Closed petition Assess full impact of all cuts to support & social care for disabled people
Govt has ignored calls for a full assessment of the impact of Welfare, Social Care & NHS reform on disabled people and their families. The number of households with a disabled family member living in “absolute poverty” increased by 10% between 2013 & 14.
Since WOWpetition collected 104,000 signatures the Government claimed IFS said it was too difficult to do a CIA, IFS subsequently contradicted the claim and said it could be done. EHRC and Social Security Advisory Committee have also called for a CIA of how cuts have affected disabled people and their families. A Cumulative Impact Assessment undertaken by Landman Economics and the National Institute of Economic and Social Research proved disabled people have been hit the hardest by cuts.
This petition is closed All petitions run for 6 months
The Government is committed to a fair tax and welfare system. Every individual policy change is carefully considered, including looking at the effect on disabled people in line with legal obligations.
Read the response in full
The Government is committed to a fair tax and welfare system where everyone contributes to reducing the deficit, and where those with the most contribute the most. Every individual policy change is carefully considered, including looking at the effect on disabled people in line with legal obligations.
However, it is not possible, using the Government’s existing analytical tools, to produce a cumulative assessment of the impact of policies on disabled people. HM Treasury has a world-leading distributional model, which it has used since 2010 to publish analysis of the impacts of policy decisions on households across the income distribution. This model uses the Living Cost and Food Survey (LCF), which does not have information on disability status. It contains expenditure information which allows analysis of the impacts of indirect taxes such as VAT and fuel duty, and underpins a unique model of public service usage; both of these enable HMT to consider the impacts of all of the Government tax and spending decisions which directly affect households.
As well as the inability to identify who has a disability in the data, most analysis of the impacts of welfare reforms tend to be limited in that they take static snapshots of benefit changes. Fundamental reforms are designed to support people in to employment and will therefore enable people to generate more income for themselves. Analysis needs to take account of behaviour change of reforms rather than the more limited approach of focusing solely on benefit changes
This analysis shows that the proportion of welfare and public service spending which benefits poorer households has not changed since 2010-11, with half of all spending on welfare and public services still going to the poorest 40% of households in 2017-18. At the same time, the richest fifth of households will pay a greater proportion of taxes than in 2010-11 as a result of government policy – and more than all other households put together.

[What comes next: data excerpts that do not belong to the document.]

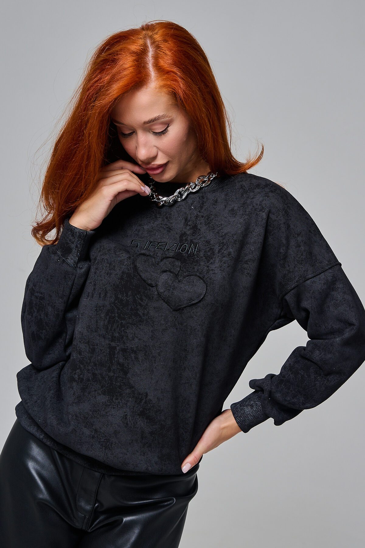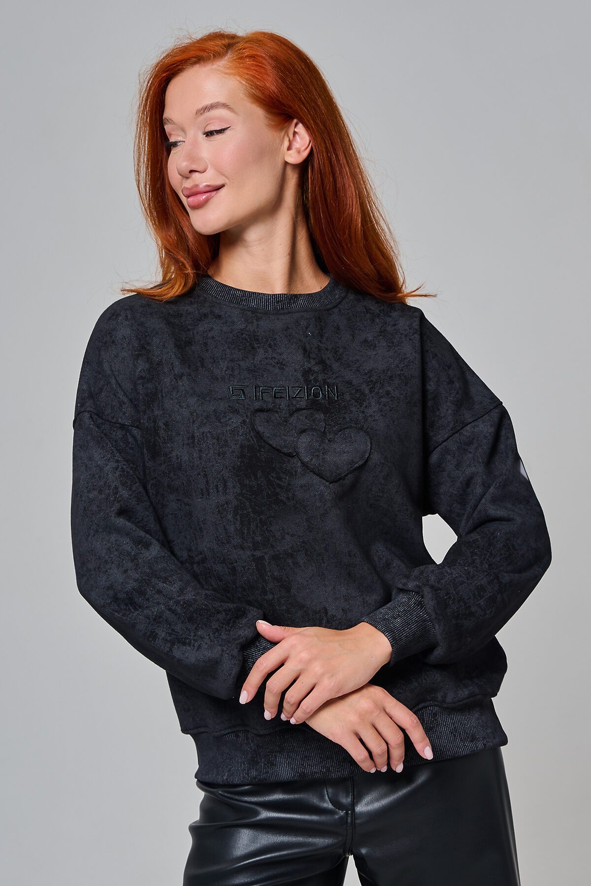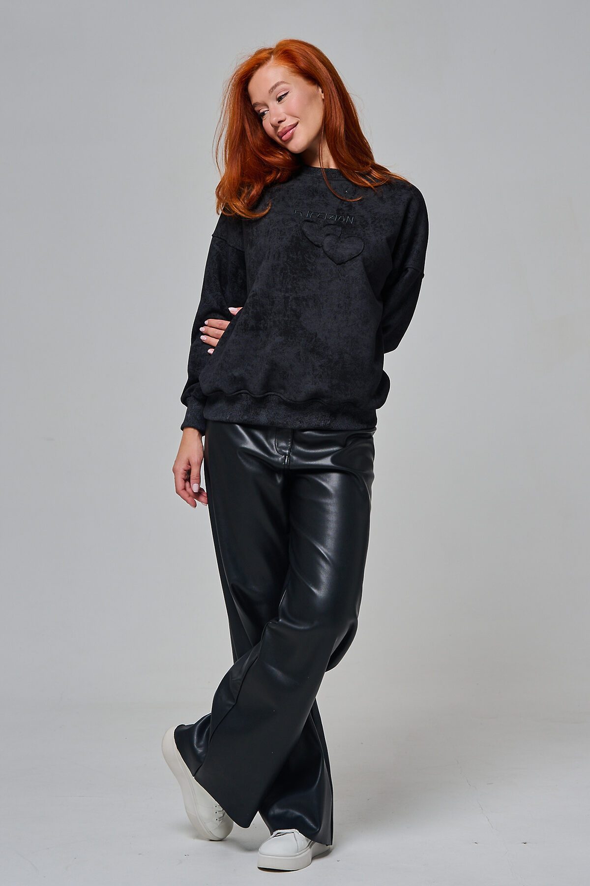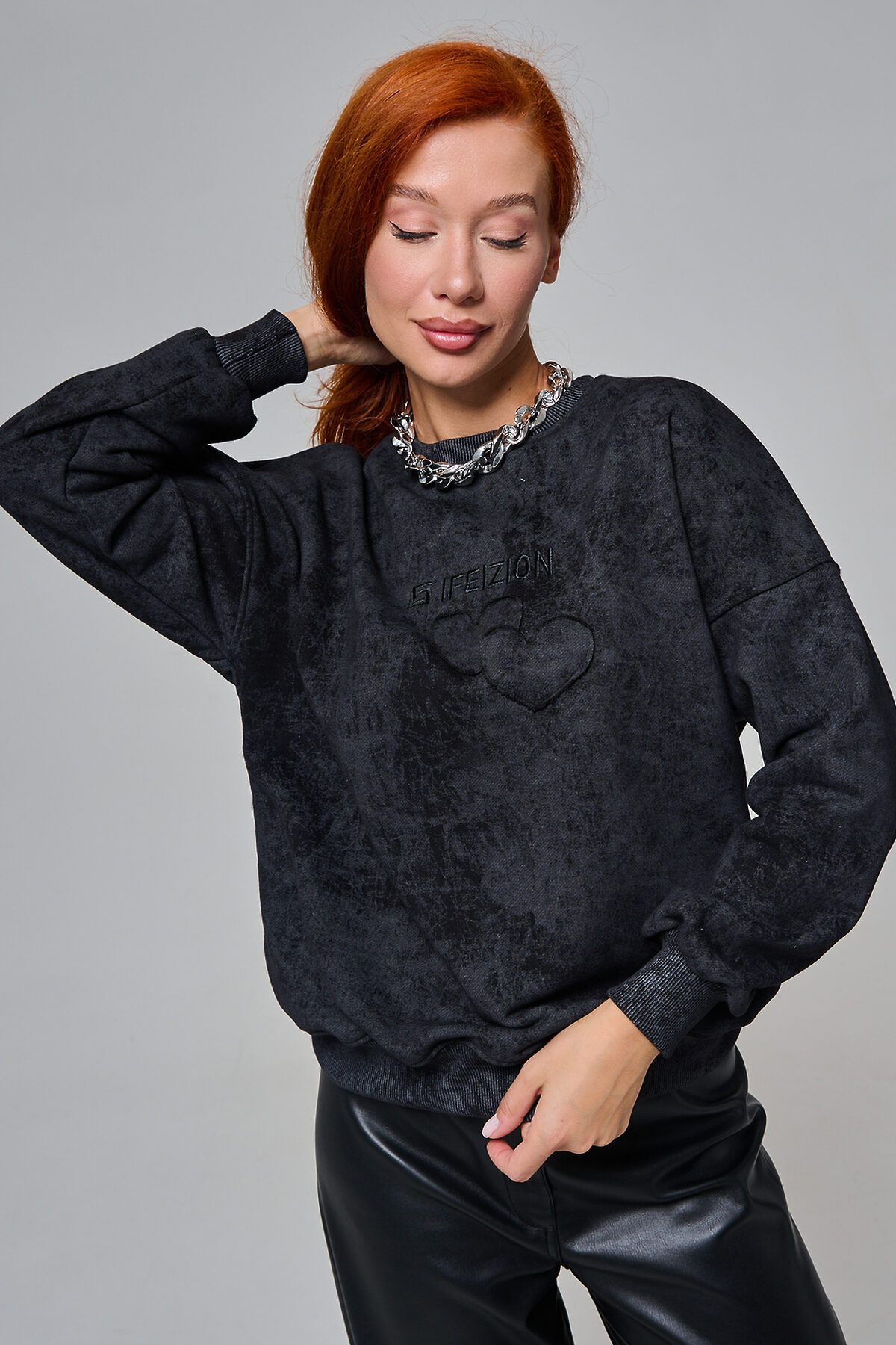 Толстовка женская оверсайз с вышивкой на полочке. Горловина, пояс, манжеты из кашкорсе в цвет основной ткани. Вверху по центру спинки - элемент в виде сердца.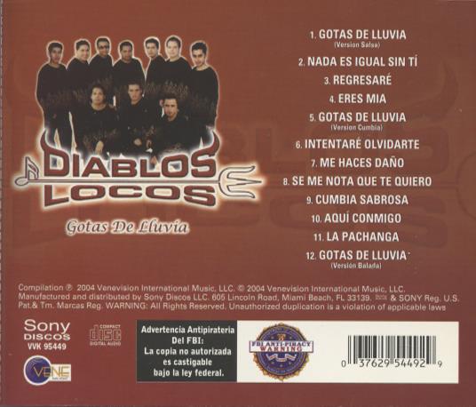 Diablos Locos: Gotas De Lluvia MUSIC CD latin cumbia salsa dance 2004 Vanevision
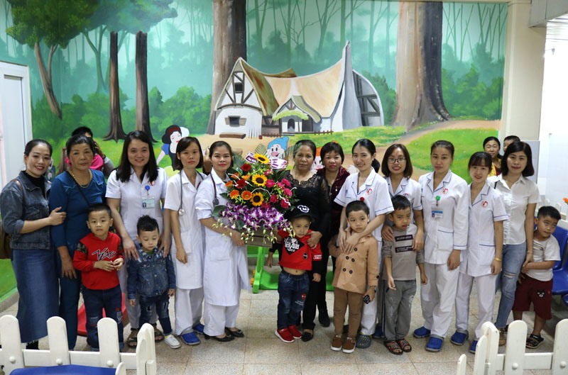 Đại diện các gia đình gửi những lẵng hoa chúc mừng đến các thầy thuốc Đơn vị tâm bệnh - Khoa Nhi.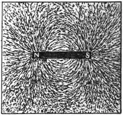 If a magnet is dipped into a mass of iron filings and withdrawn, filings cling to certain parts of the stone in moss-like tufts, other parts remaining bare. There are generally two regions where the tufts are thickest, and the attraction therefore greatest, and between them is a zone in which no attraction is evidenced. The regions of greatest attraction have received the name of poles, and the line joining them is called the axis of the magnet; the space around a magnet in which magnetic effects are exhibited is called the field of magnetic force, or the magnetic field.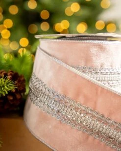 This Emerald Velvet Ribbon with a silver back and crochet trim is the perfect addition to all your holiday decorations and gift wrapping. The luxurious velvet material exudes elegance while the pop of emerald green adds a touch of festive cheer. The silver backing adds a subtle shimmer to make your decorations stand out even more. The delicate crochet trim adds a charming finishing touch that will make your gift wrap or holiday decor look even more special. Elevate your holiday game with this stunning ribbon!

The Government spends around £50 billion on disability benefits and services annually, and expenditure on sick and disabled people is higher than the OECD average. Welfare changes since 2010 have included protections for key vulnerable groups least able to increase their earnings, including those who need additional support as a result of disability. In the Welfare Reform and Work Bill 2015:
• Many disability-related elements of the benefit system are still uprated by the Consumer Price Index
• The additional component for those in the Support Group of Employment and Support Allowance and Universal Credit (UC) equivalents has been maintained
• Households which include a member who is in receipt of Disability Living Allowance, Personal Independence Payment, the Support Component of Employment and Support Allowance or UC equivalents are exempt from the benefit cap.
Overall, reforms are focused on supporting people to find and keep work where appropriate. Growing evidence over the last decade shows work can keep people healthy as well as promote recovery which is why, as part of the Government’s objective to achieve full employment, it aims to halve the disability employment gap. Last year 226,000 more disabled people found work and to continue this success the Government has extended Access to Work to provide support to more disabled people in pre-employment, launched Specialist Employability Support to provide intensive, specialist support to the disabled people who need the most help and has extended Work Choice, providing tailored support to disabled people, to 2017. The Disability Confident campaign is working with employers to ensure that they understand the benefits of recruiting and retaining disabled people in work
Sickness Absence in the workplace is also a major issue, with employees off sick for four weeks or more being at greater risk of not returning to work. The Government recognises the importance of early support which is why Fit for Work has been developed; giving access to free, impartial work-related health advice to help employees on sick leave get back to work.
In terms of Social Care and NHS reforms, the Government is committed to supporting the most vulnerable. The Care Act 2014 introduces a modern system to promote and maintain the wellbeing of those with care and support needs so they can live independently. This includes introduction of a new national eligibility threshold which allows local authorities to maintain previous levels of access for service users. This threshold is set out in Eligibility Regulations, and local authorities cannot tighten eligibility beyond this threshold. The Act also provides new legislative focus on personalisation by placing personal budgets into law for the first time for people and carers, increasing opportunities for greater choice and control, so that people can choose social care best suited to meet their needs.